学園祭デート


 待ち合わせは11時半だった。校門前だと混み合うから、その手前にある本屋で落ち合うことになっている。
(変…じゃないよね?)
 ウインドウにうっすら映る自分の姿を確かめる。大人っぽく見せたくて気合いを入れたミュールは、おろしたてでいつもの靴より2cm高い。
 まだ残暑の日差しが肌を焼くが、空は秋のさんま雲で、3年間の一人暮らしで身についた主婦感覚で、ついスーパーのさんまの値段を思い出してしまう。今年のさんまは少々高い。
「お待たせ」
 涼やかな声に、顔を向けると彼がいた。
「乃凪先輩! ……こんにちは。お久しぶりです」
「こんにちは。しょっちゅう電話してるから、なんか不思議な感じだけど」
 微笑みながら、彼は彼女の頭からつま先まで、網膜に焼き付けるように熱のこもった目で見つめる。
「じゃあ、行こうか」
「はい!」
 乃凪が大学に進学してからというもの、毎日会っていた高校生の頃のようにはいかない日々が続いていた。
 連休や盆休み中はデートや日帰り旅行をしたけれど、亜貴の受験勉強や模試の為に予定が潰れることもままあった。
 だからというわけではないが、久々に見る恋人の姿が愛おしくて仕方ないのだ。
 少し照れながら、亜貴も乃凪を見上げた。端正な面立ちは前より少し大人びて、だが相変わらず細い。
「ちゃんと食べてます?」
「まあね。前よりは料理も上手くなったよ」
 自立という題目のもとに祖父の支配下から脱出を試みた乃凪であるが、持ち前の小器用さを生かしてなんとかやっているようだ。
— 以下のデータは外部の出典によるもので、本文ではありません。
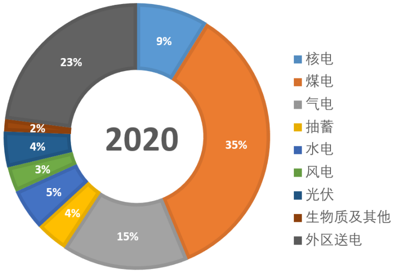 我們做儲(chǔ)能項(xiàng)目和做其他任何事情一樣,測算一個(gè)行業(yè)的發(fā)展?jié)摿桶l(fā)展前景的時(shí)候,要看看它的基本盤如何。做儲(chǔ)能項(xiàng)目的基本盤是什么呢?我認(rèn)為是本省的電源結(jié)構(gòu),因?yàn)殡娫唇Y(jié)構(gòu)決定了現(xiàn)在及未來的電力系統(tǒng)對(duì)儲(chǔ)能容量的需求。圖中展示了廣東省2019年以及2020年的電源結(jié)構(gòu)??梢钥吹?,排名第一的是火電,2019年占比36%,2020年占比35%;第二大電源是西電,主要是來自云南、貴州的水電。第三是燃?xì)獍l(fā)電,第四是核電。其中燃?xì)獍l(fā)電裝機(jī)量的占比,在廣東的整個(gè)電源結(jié)構(gòu)里是比較高的。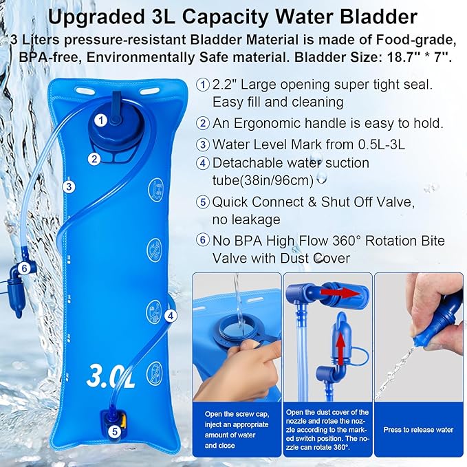 - Professional 3L Large Leakproof Water Bladder - Our 3L(100 Ounce) large capacity water bladder is made of high-quality flexible food-grade material, 100% BPA-free and odor-free. Our water bag features a Large 2.2 in opening that is easy to fill, clean, add ice cubes, and dry. Durable, removable, insulated hydration hose with 360-degree rotatable suck mouthpiece, it's simple to drink. Leakproof bite value, and never drips when locked. The water temperature range is -20~+50℃.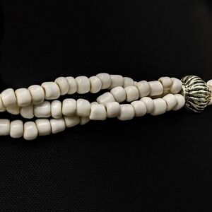 marble, seed bead, beaded, triangle, geometric, shapes, casual, summer, retro, vintage, style, choker, necklace, costume jewelry, white, cream, stone, unique, fun, vacation, outfit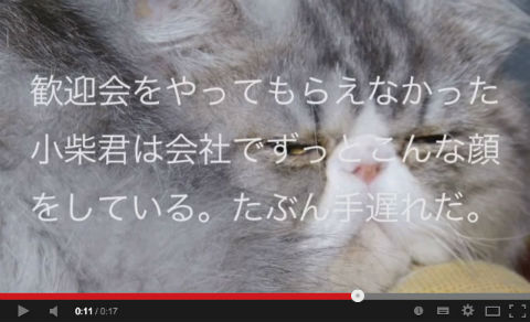 登場するネコちゃんはCM後半で表示される「歓迎会をやってもらえなかった小柴君は会社でずっとこんな顔をしている。たぶん手遅れだ。」というメッセージを表現しています。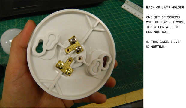 5. alambre neutro el tornillo plateado y el alambre caliente el latón envolviendo el alambre expuesto alrededor del tornillo y apriete con un destornillador. En virtualmente y sostenedor de la lámpara, el tornillo de latón es caliente, el otro tornillo de fijar el neutro. Si el sostenedor de la lámpara se vino con un paquete, se escribirá las instrucciones en la parte posterior.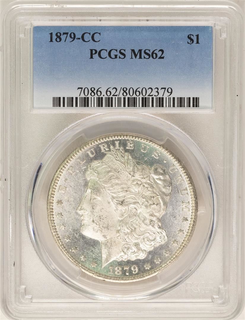 One 1879-CC $1 Morgan Silver Dollar Coin PCGS MS62. PCGS Graded.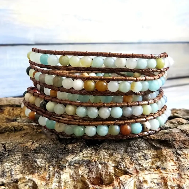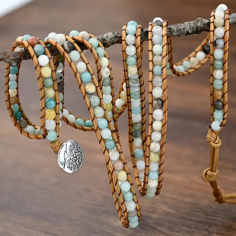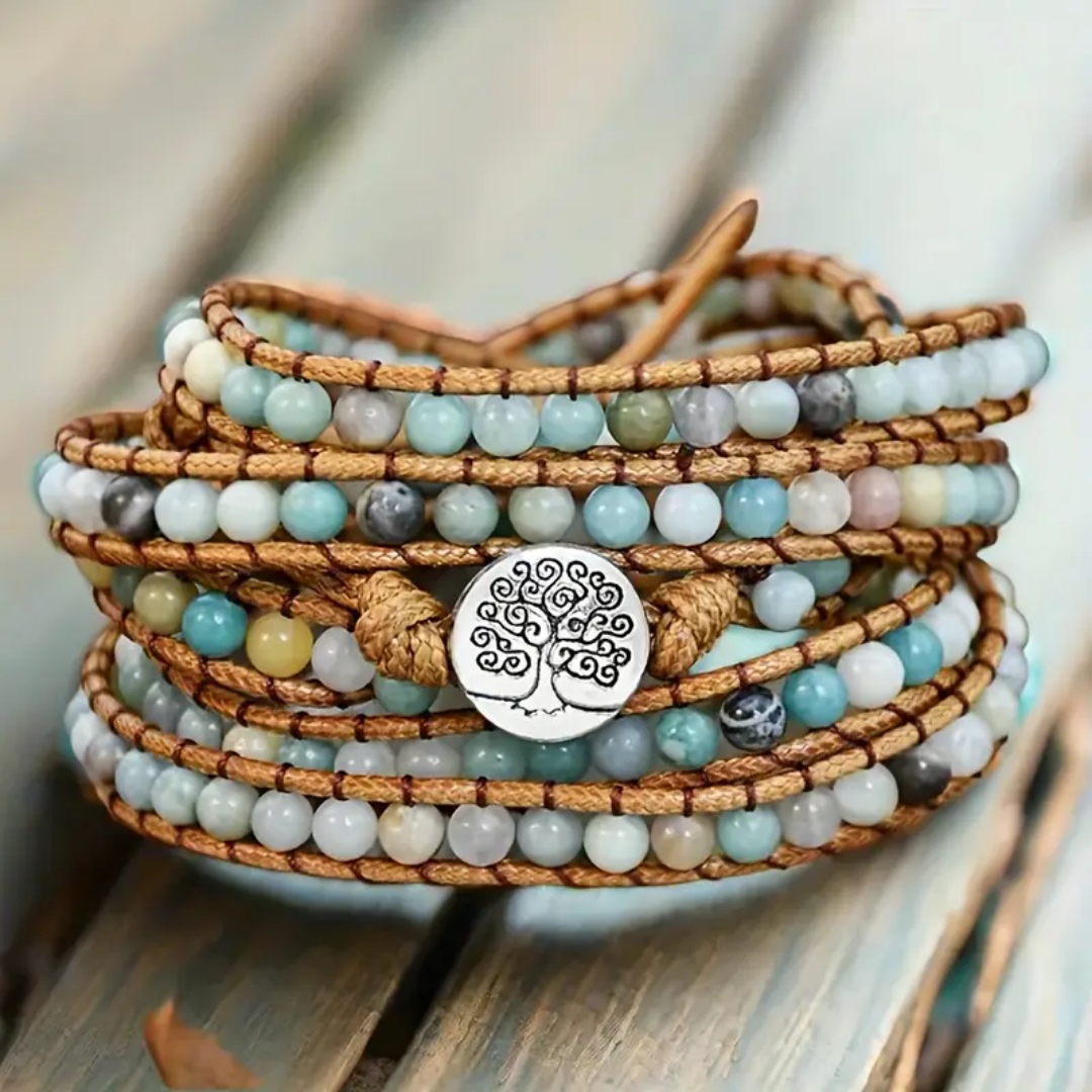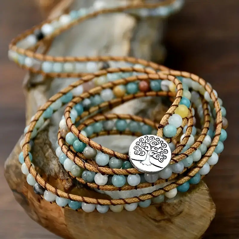 This multi-layer wrap bracelet is crafted with natural Amazonite and mixed gemstones, carefully woven into durable leather cords. The centerpiece features a Tree of Life charm, a universal symbol of growth, balance, and infinite connection.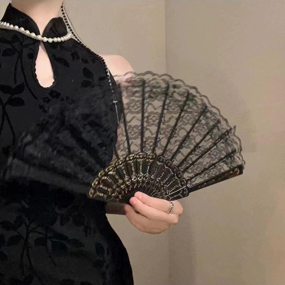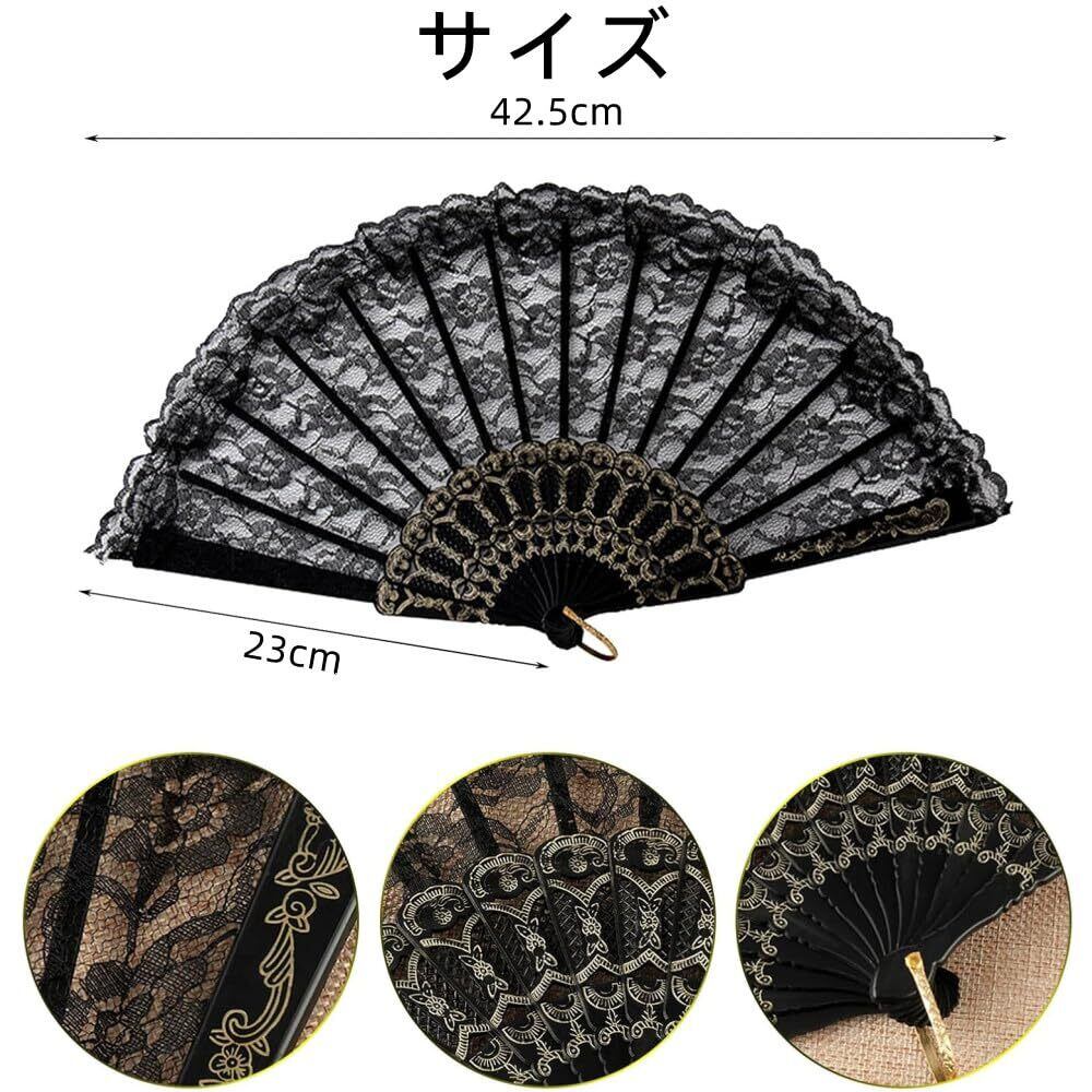 【製品仕様】セット内容:レース扇子2個、カラー:ブラック+レッド、折りたたみ時の長さ約23cm、展開時最大幅約42.5cm。金色の吊り下げリング付きで、簡単に吊り下げられます。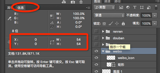 选中图层, Ctrl+T (mac: Commond + T), 在信息面板查看图层信息;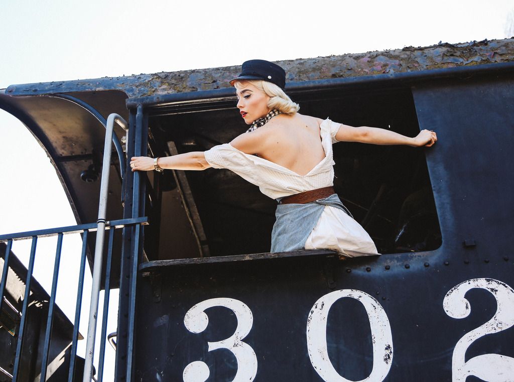 She picked the location, this train museum in Griffith Park in Los Angeles. It was mainly for kids, but we had a good time wandering around and climbing in some old trains. Addie put her outfit together to go with the theme of the museum and she did a great job. We want to go back and do a whole series around these trains, so stay tuned for that!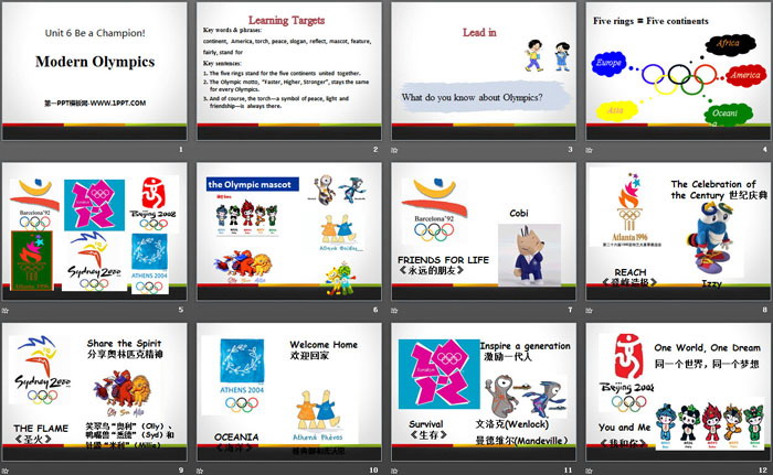 关键词:冀教版八年级下册英语PPT课件免费下载,Modern OlympicsPPT下载,Be a Champion!PPT下载,.PPT格式;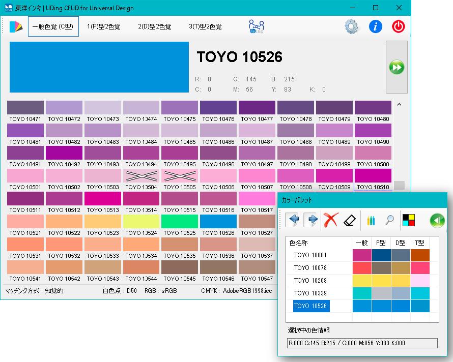 東洋インキ株式会社は東洋インキグループの中核事業会社の一つとして、印刷インキを中心に製品・サービスを提供している色の専門企業です。東洋インキのカラーマネジメントソリューションは、1997年、多様な出力デバイスで正確に色再現するためのニューラルネットワークを用いた画像色変換技術「T-Color(ティーカラー)™」に始まります。2004年には、本技術を継承したカラーユニバーサルデザイン支援ツール「UDing™」を発表。シリーズ累計で約15,000本を配布し、カラーユニバーサルデザインの普及に貢献いたしました。さらに、2018年には白内障対応カラーマネジメントソリューション「Chiarossier(キャロシエ)®」の提供を開始しました。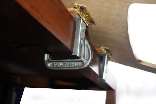 11. Coloque el soporte en la mesa y coloque el soporte debajo de la mesa.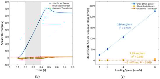 To further analyze the respective sensors’ performance with bending strains, Figure 9c plots the respective sensor response slope during this region of quasi-static loading as a function of the applied loading rate. The resulting data points for the USM strain sensor are used with a simple linear regression model to create a linear best fit line with a slope of 286 mV/mm, denoting a great change in the sensor response as a function of plate displacement. The regression model is met with a strong linear correlation with a coefficient of determination (R2) of 0.999, demonstrating the USM strain sensor’s sensitivity to the bending strain and in differentiating loading rates. The metal-based strain sensor also demonstrates the ability to differentiate the loading rates a high degree of accuracy, achieving an R2 of 0.999. However, it exhibits sensitivity levels over an order of magnitude lower compared to other sensors, with a linear best fit slope of 7.99 mV/mm. The ultrasonic transducer, however, provides a near-zero linear best fit slope with an R2 of 0.311, denoting little-to-no correlation in sensor responses and applied loading rates. This testing further demonstrates the transducer’s inability for quasi-static bending strain sensing (and therefore, its inability in the dual application sensing of both high-frequency and quasi-static loading cases), and further highlights the USM sensor’s potential for dual-application sensing.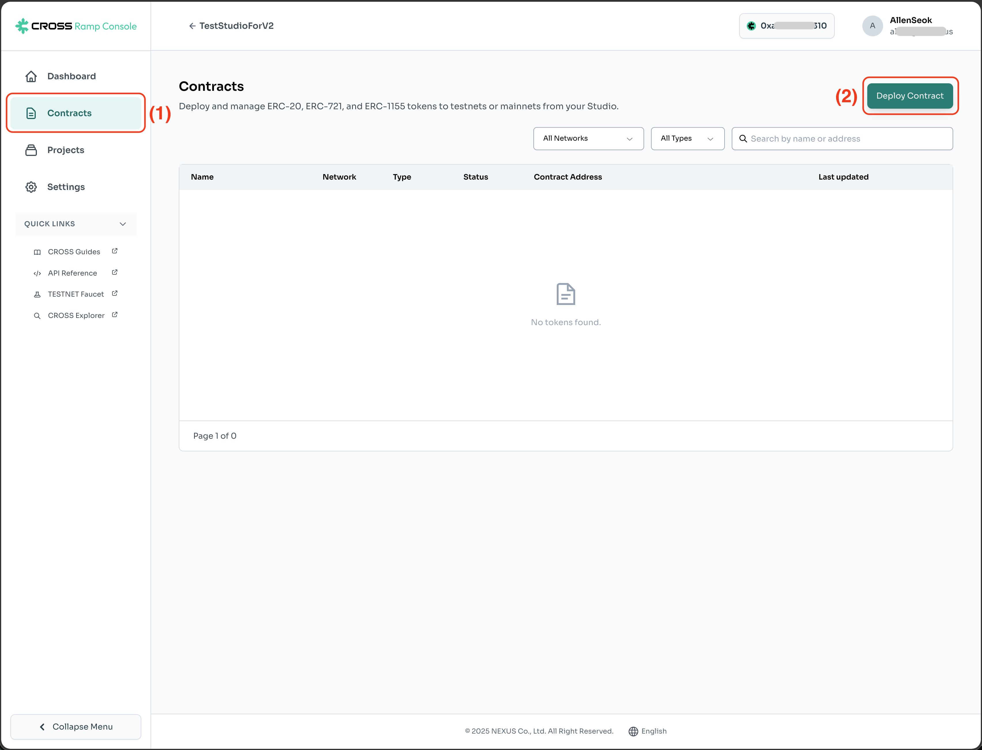 To deploy a contract, **[wallet connection](https://daum.net)** is required.<br /> Registration of the address of the private key generated by the tool provided by NEXUS is required.

 一人暮らし、というと他の心配もあったのだが、この分だと大丈夫そうだ。
 さりげなく繋がれた手の感触にドキドキしながら、亜貴は乃凪に連れられて大学の門をくぐった。



 色鮮やかなバルーンのアーチをくぐる前から伝わっていた活気が、ぶわっと眼前に広がる。結構盛況らしく、大変な人出だった。両脇に出店が並んでいるものだから、通路が殊更に狭い。
「焼きそば焼きそばめちゃくちゃうまい焼きそばだよ―!」
「エラッシャーイ!タコ焼きいかがっスかー!」
「ラーメン!ラーメンいかがですかー!」
 鉄板にソースの焦げる匂いや、焼鳥の香ばしい煙、射的やヨーヨー掬いといった縁日的なものもある。
 連れ立って歩いてはいるものの、人込みがすごくて離れがちになった。
「ねえ君、可愛いね。高校生?」
「えっと……」
 チラシを配っている青年から声をかけられ、つい戸惑う。するとぐいっと肩を抱き寄せられ、頭の上で乃凪が牽制を込めて会釈した。
「失礼。連れなもので」
 急に近づいた距離に、心臓が破裂しそうになる。そのまま促されて道を逸れるが、どこもかしこも人人人で落ち着くところがない。
「あの……さ」
 遠慮がちな声に見上げると、少し照れながら乃凪が言った。
「腕、組んでもいいかな。手を繋いでるだけだとはぐれそうだから。……さっきみたいなこともあるし」
「ええっ!?」
「ご、ごめん、嫌だった?」
 そんなわけない。首を横に振ってぎゅっと腕に抱き着くと、乃凪の背中が緊張した。亜貴の胸が当たっているのだ。腕を組む以上、亜貴の胸のサイズからしてこれはどうしても回避できない。
「あ、えっと……やっぱり……」
「行きましょう乃凪先輩!」
 誤魔化すように大きな声を上げて、亜貴は乃凪を促して歩き出した。小悪魔上等、知らない誰かにぶつかるのは不快だが、好きな人になら恥ずかしいだけだ。
 何よりせっかく縮まった距離を、また離したくなかった。